To be fair this is a small gripe considering the last time Villa were in England’s top tier they were relying on deliveries from the likes of Aly Cissokho, but it’s a gripe nonetheless.

The Pride put in 34 crosses against the Cherries and got little in return. Not all the crosses were necessarily poor, but most were delivered with only Wesley in the box, making them easy to defend for the Bournemouth backline.

Aston Villa could do worse than encouraging the other winger to get into the danger zone – Albert Adomah scored a chunk of his goals in 2017/18 from making a run to the back post. In short, more men in the box means more chances, something we can all get behind.

Set Pieces Under-Utilised

Aston Villa struggled to garner any kind of danger with their ten corners, failing too to trouble Aaron Ramsdale’s goal from numerous free kicks.

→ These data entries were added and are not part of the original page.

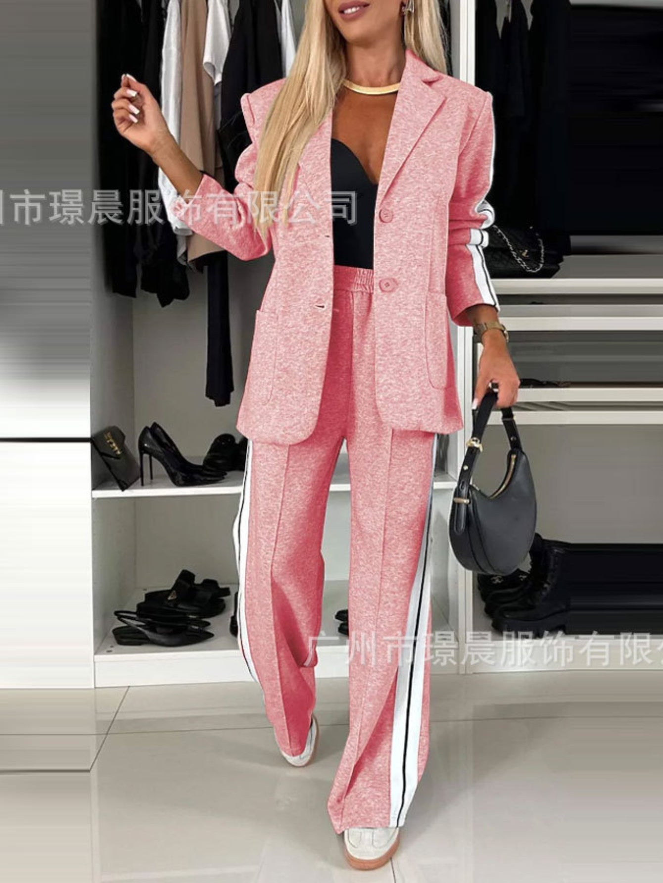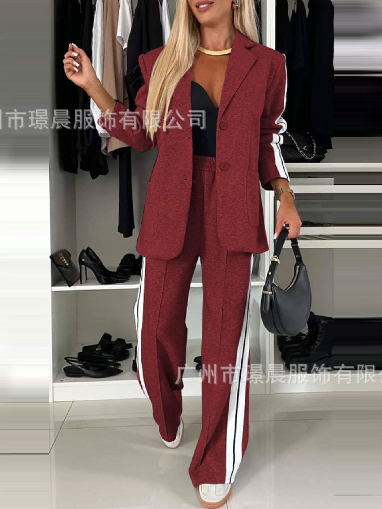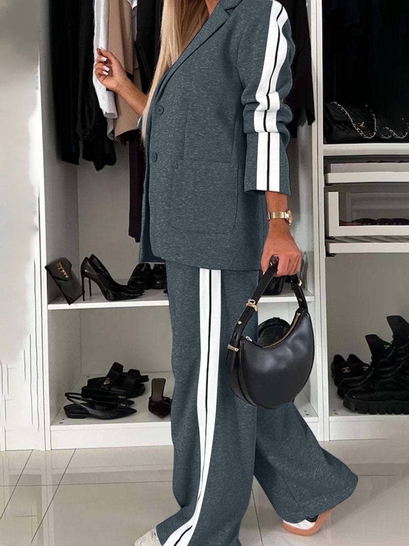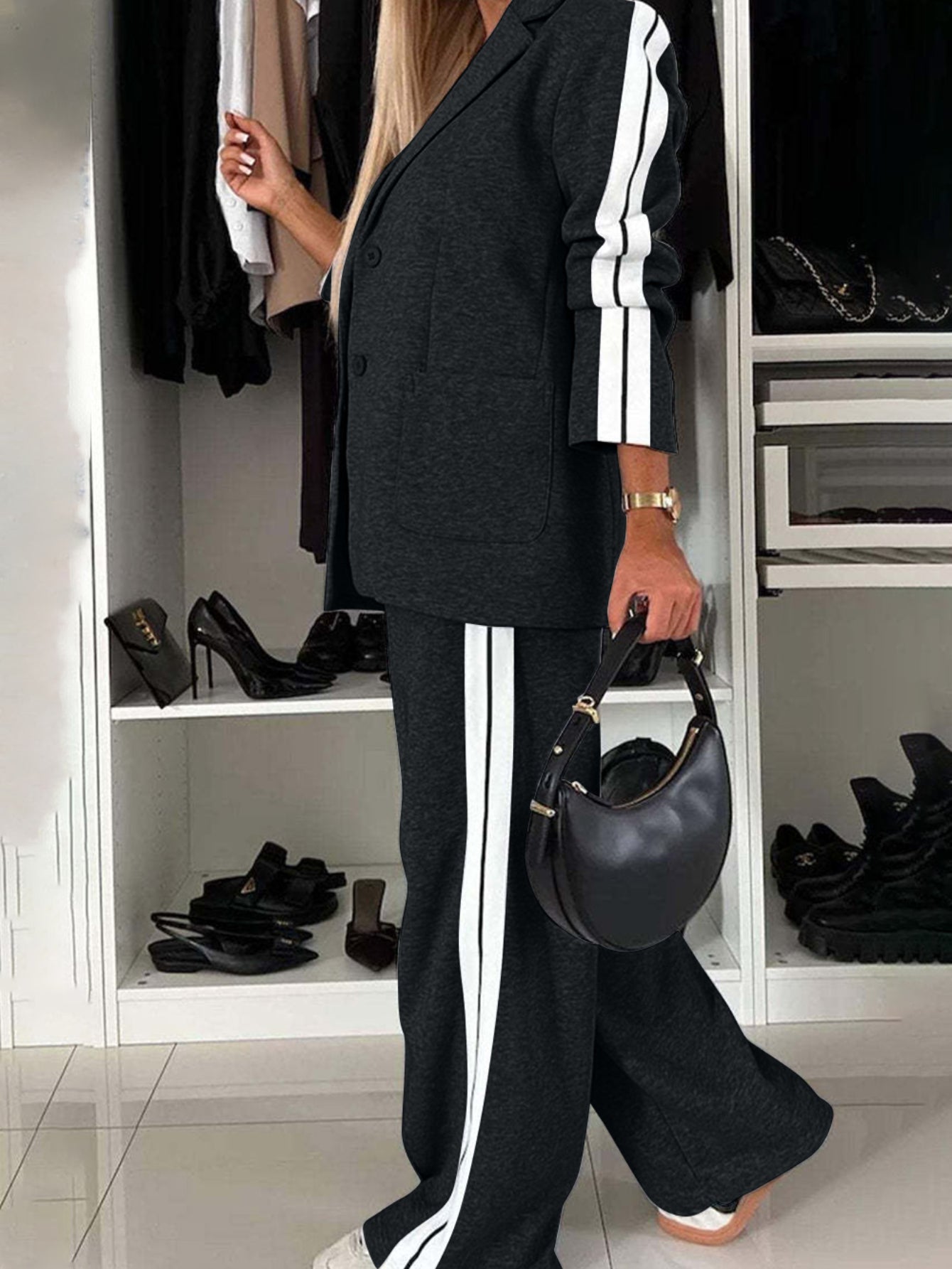 Sale Full Size Contrast Lapel Collar Top and Pants Set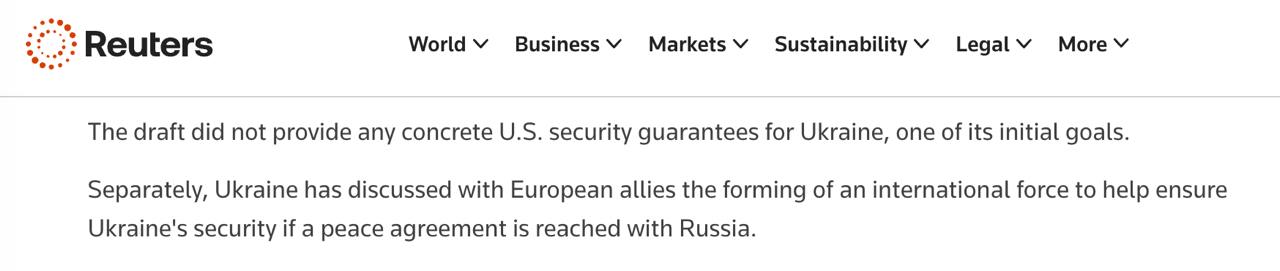 Позже издание Reuters подтвердило наше предположение, что в сделке нет гарантий безопасности для Украины. Издание напоминает, что именно такие гарантии были одной из первоначальных целей соглашения для Украины.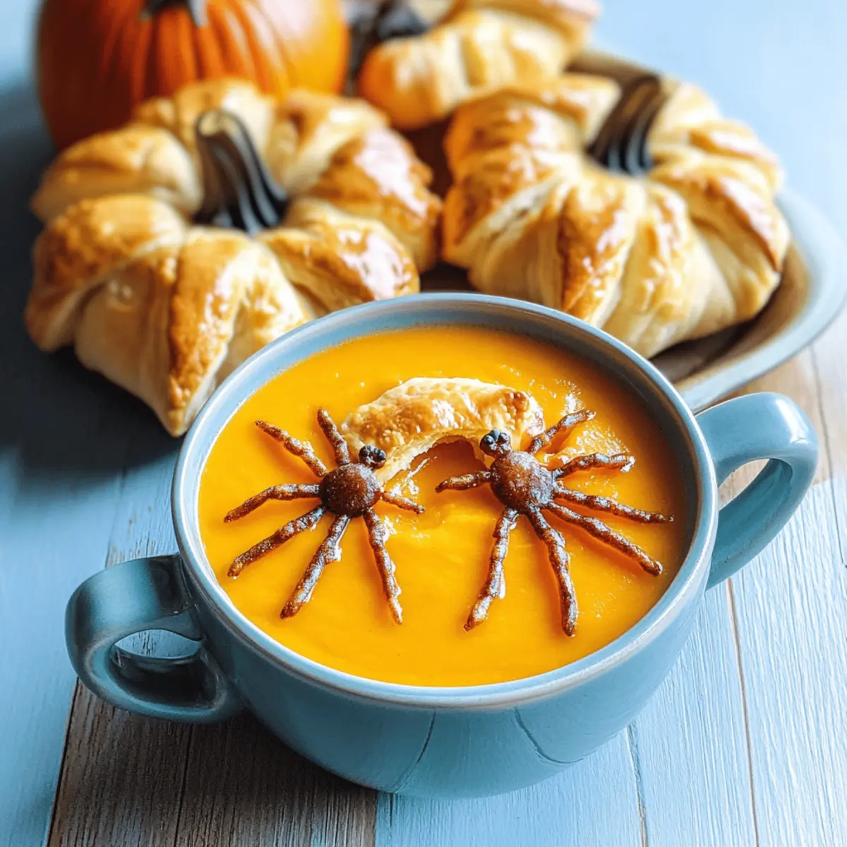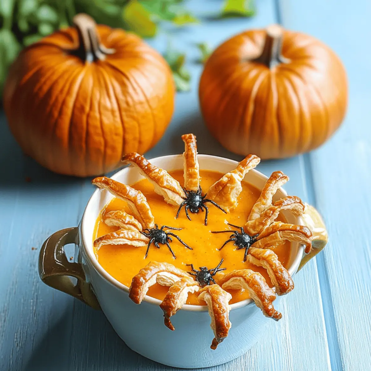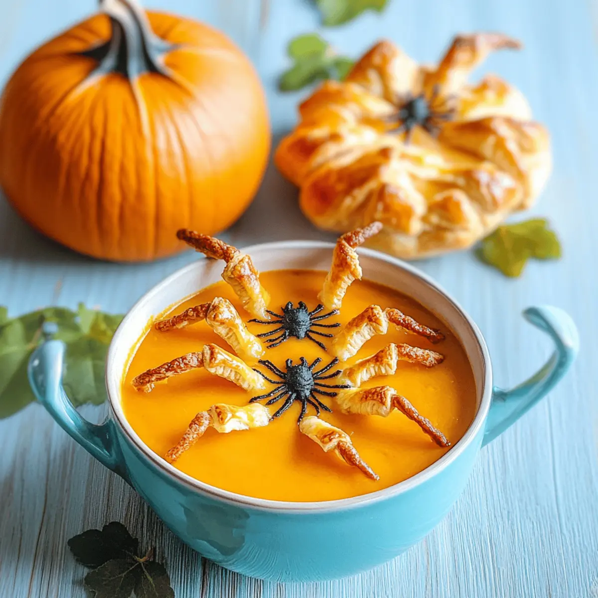 Eine festliche Kürbissuppe zu Halloween, dekoriert mit Blätterteigspinnen, verbindet Komfort und Spaß in einem einfachen Rezept.

A prime example being El Ghazi wildly powering a free-kick over from close range, this from the same distance that Hourihane scored against Blackburn last season. Even the dead balls from further out weren’t effective – a shame considering the aerial prowess of Tyrone Mings, Bjorn Engels and Wesley.

Smith would also do well to designate someone to take charge of dead-ball situations when Hourihane isn’t there, this is something which would allow players to become familiar with that player’s style of delivery.

Grealish’s Gears Starting to Turn

Our number 10 is still finding his feet back in the Premier League, but Grealish’s second-half performance was much like his Championship outings of last.

The Solihull born midfielder looked hungry, giving Ramsdale a scare at one point after darting into a pocket of space before unleashing a shot which flew wide of the post.

Over the next few weeks I’d wager that you’ll see Grealish go up a few gears and display his ability to a Premier League audience who, however absurdly, aren’t all convinced of his talent yet.